Because parameter fields are `null=True`, the unfilled fields will be `NULL` in the database.

## Step 3: Run the pipeline

### From Python

```python
from astra.models.boss import BossVisitSpectrum
from astra.pipelines.rocket import rocket

spectra = BossVisitSpectrum.select().limit(10)
for result in rocket(spectra):
    print(result.teff, result.logg)
```

### From the CLI

```bash
# Run locally
astra run rocket BossVisitSpectrum --limit 100

# Submit to Slurm
astra srun rocket BossVisitSpectrum --nodes 4 --time="24:00:00"
```

The CLI resolves the task name (`rocket`) to the pipeline function and the input model name (`BossVisitSpectrum`) to the ORM class. It then calls `generate_queries_for_task` to find unprocessed spectra and passes them to the task.

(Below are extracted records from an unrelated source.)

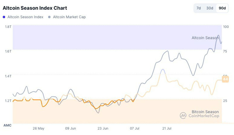 CoinMarketCap的山寨币季指数(ALTCoin Season Index)目前为44,远低于其历史上定义山寨币季的门槛75点。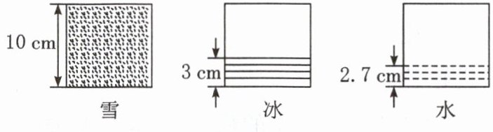 13. 要测量雪的密度,如图所示,某同学找来一个容积为1000cm^3的立方体容器,先装满蓬松的雪,然后将雪平整地压紧为3cm厚的冰,冰完全熔化成水的深度为2.7cm,$\rho_{水}= 1g/cm^3$。下列说法正确的是(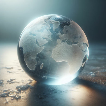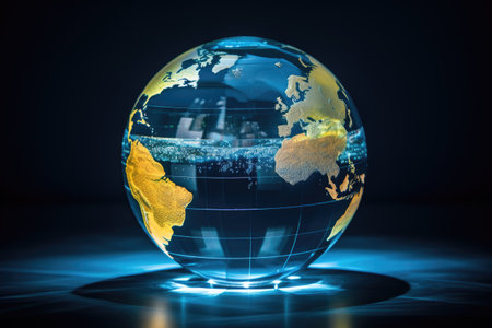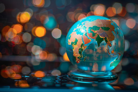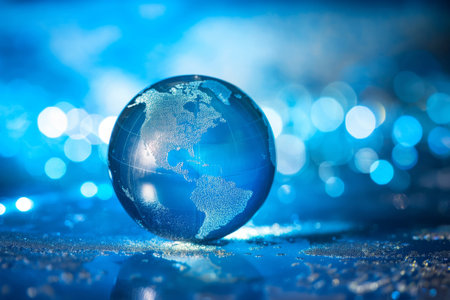 Crystal globe on a reflective surface with a vibrant blue bokeh background, symbolizing interconnectedness and the global network

## Real-world example: Corv

The `corv` pipeline in `src/astra/pipelines/corv/__init__.py` is a good compact example. It:

1. Accepts `BossVisitSpectrum` and returns `Corv` results.
2. Checks pre-conditions (is the source a white dwarf? does it have a DA classification from SnowWhite?) and yields flagged results for spectra that do not pass.
3. Submits fitting work to a `ProcessPoolExecutor` for parallelism.
4. Yields `Corv(...)` instances (not using `from_spectrum` in the worker, since database connections cannot cross process boundaries -- instead it constructs the object directly with `source_pk` and `spectrum_pk`).

The corresponding model is in `src/astra/models/corv.py` and defines output fields for radial velocity, stellar parameters, initial values, and quality flags.